Right And Wrong Computer Keys Showing Results Validation Or Decisions

I’ve been doing my family history for quite a while and I was always excited to share what I’d found with other family members. As you know, if you’ve done this for a while,  there are some in your family that when you start talking about the family their eyes will glaze over and you realize that you’ve lost them.  Unless you can tell them that great grandpa was an axe murderer they really don’t want to know.

One of the people I always enjoyed sharing my research with was my Uncle Ken, from my dad’s side. I call him that because there is an Uncle Ken for my mom’s side as well. Uncle Ken Thompson was a family story-teller and self-professed family historian for as long as I can remember.  Imagine my surprise when one time after I’d been doing my family history for several months he told me; “You’ve got it wrong”.  He went on to say; “I’ve heard you say several times that Nana Oliver came from a family of  nine children, but there were only two”.  He said this because his perception of the family was what he knew. He had only ever known that his grandmother had a sister; Jessie. So in his mind there were only the two of them. My perception was from the interview I’d had with my great-grandmother when I was about 17 years old.  At that time I’d asking her how many siblings she had and what their names were.   She then listed eight brothers and eight sisters. Thankfully I’d kept my notes all those 20+ years.

If I hadn’t known this information I may have done my research on that same premise.
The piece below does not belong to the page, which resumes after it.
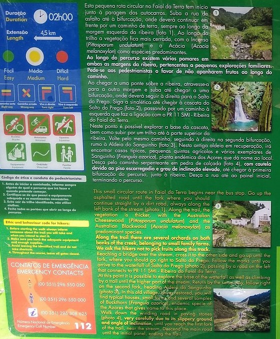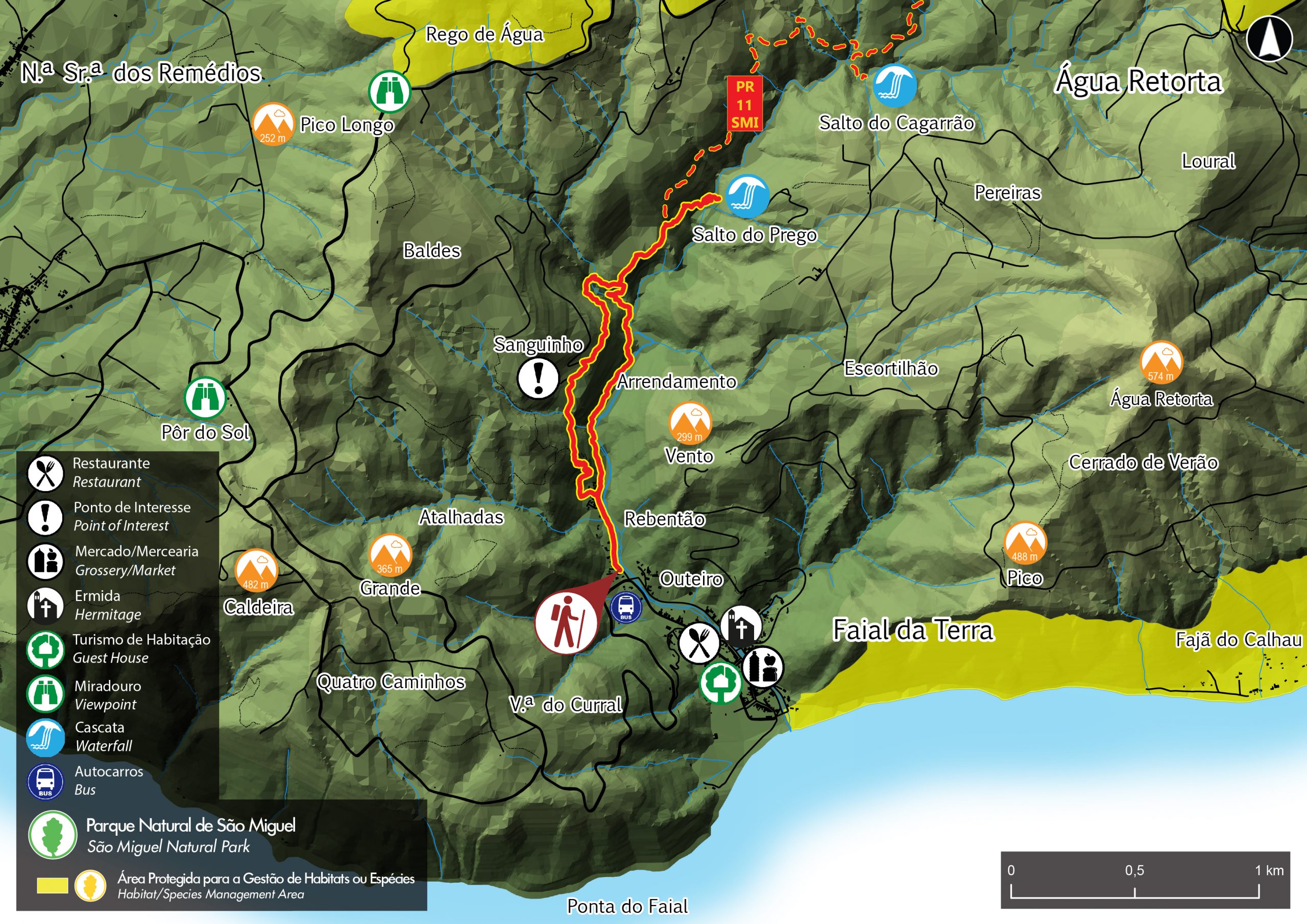 | Trayecto y ruta de la cascada «Salto do Prego» | 17:00 | 02:30 |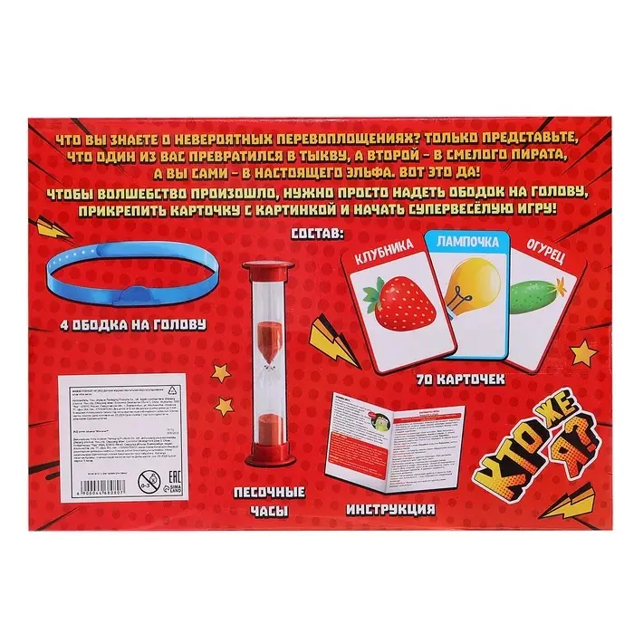 В ней представлены 70 карточек на разные тематики. Вы сможете превратиться в сказочную тыкву, хищное животное, отважного пирата или настоящего эльфа. Для этого вам необходимо надеть ободок на голову, закрепить карточку с картинкой и за 1 минуту догадаться, кто же вы!

At first glance it might have looked like there were only two because the family was born over a long period of time and most of the children had moved from home when the last two were born so they didn’t show in the census. So over the next several months I purchased some of the birth certificates as well as my great grandmother’s parents marriage certificate so that I could prove to him that I wasn’t wrong.

It goes to show you that it’s important to interview everyone that you can because each person knows something  different about the family and if you don’t interview everyone you just might just think the family had two children rather than nine.